→ Task requirements
Output the listing word for word, minus pictures.

→ Material provided
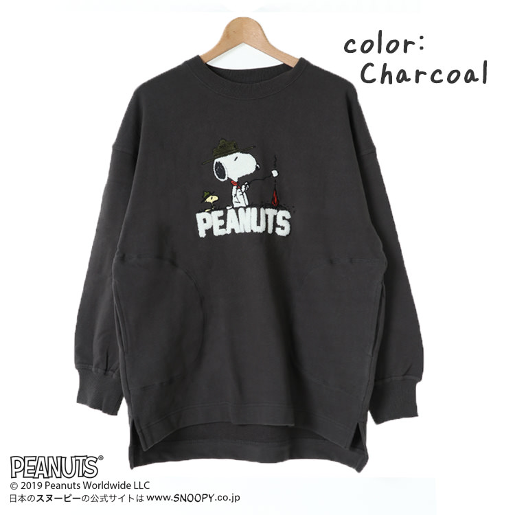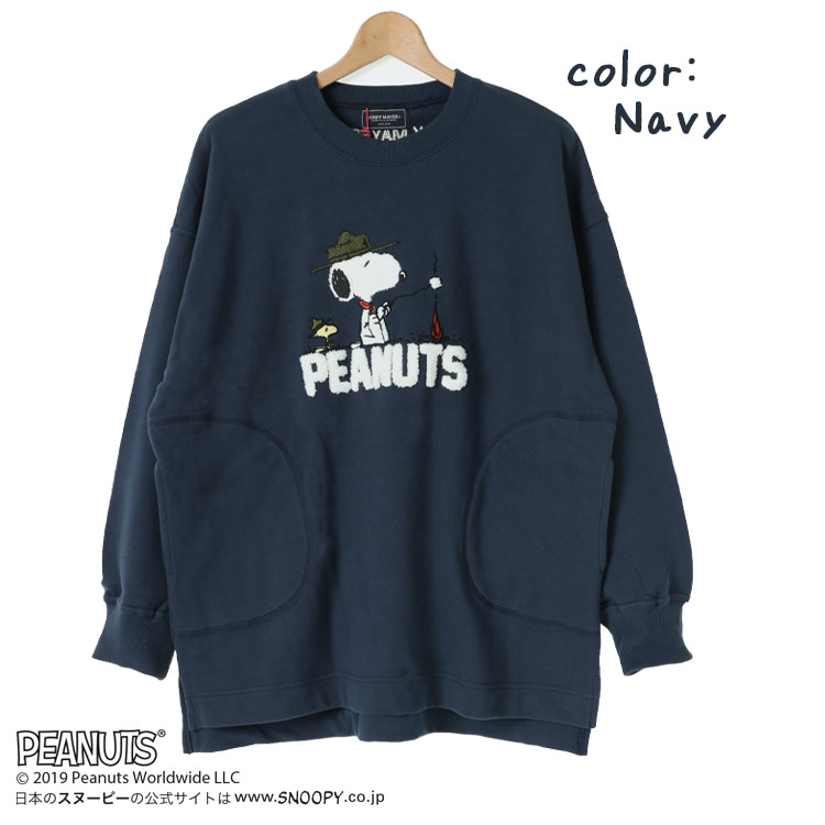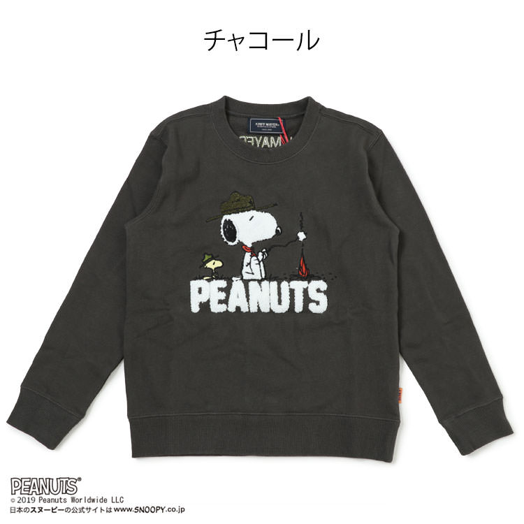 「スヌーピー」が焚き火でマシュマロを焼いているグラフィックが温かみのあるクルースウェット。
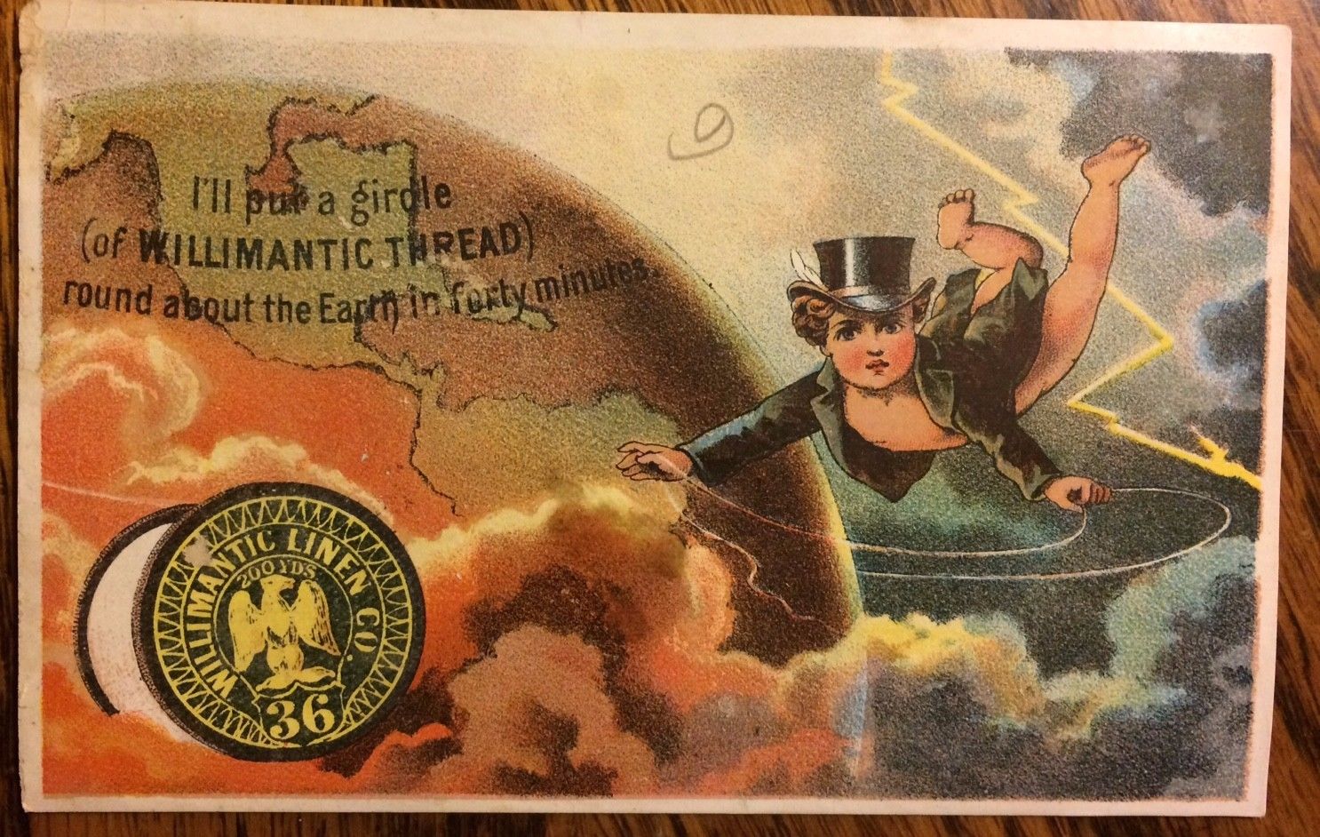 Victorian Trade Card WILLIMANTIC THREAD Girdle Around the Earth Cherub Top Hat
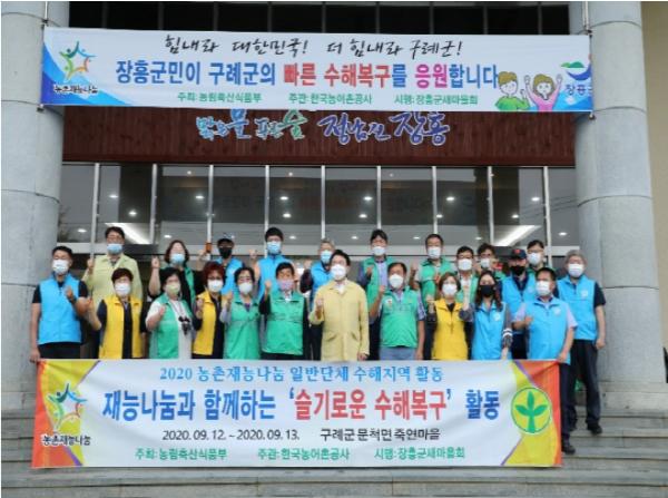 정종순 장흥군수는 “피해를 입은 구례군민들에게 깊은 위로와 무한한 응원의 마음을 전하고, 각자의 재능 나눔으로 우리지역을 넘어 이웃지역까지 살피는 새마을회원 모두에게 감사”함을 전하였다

→ Result of this exercise
 「スヌーピー」が焚き火でマシュマロを焼いているグラフィックが温かみのあるクルースウェット。
 Victorian Trade Card WILLIMANTIC THREAD Girdle Around the Earth Cherub Top Hat
 정종순 장흥군수는 “피해를 입은 구례군민들에게 깊은 위로와 무한한 응원의 마음을 전하고, 각자의 재능 나눔으로 우리지역을 넘어 이웃지역까지 살피는 새마을회원 모두에게 감사”함을 전하였다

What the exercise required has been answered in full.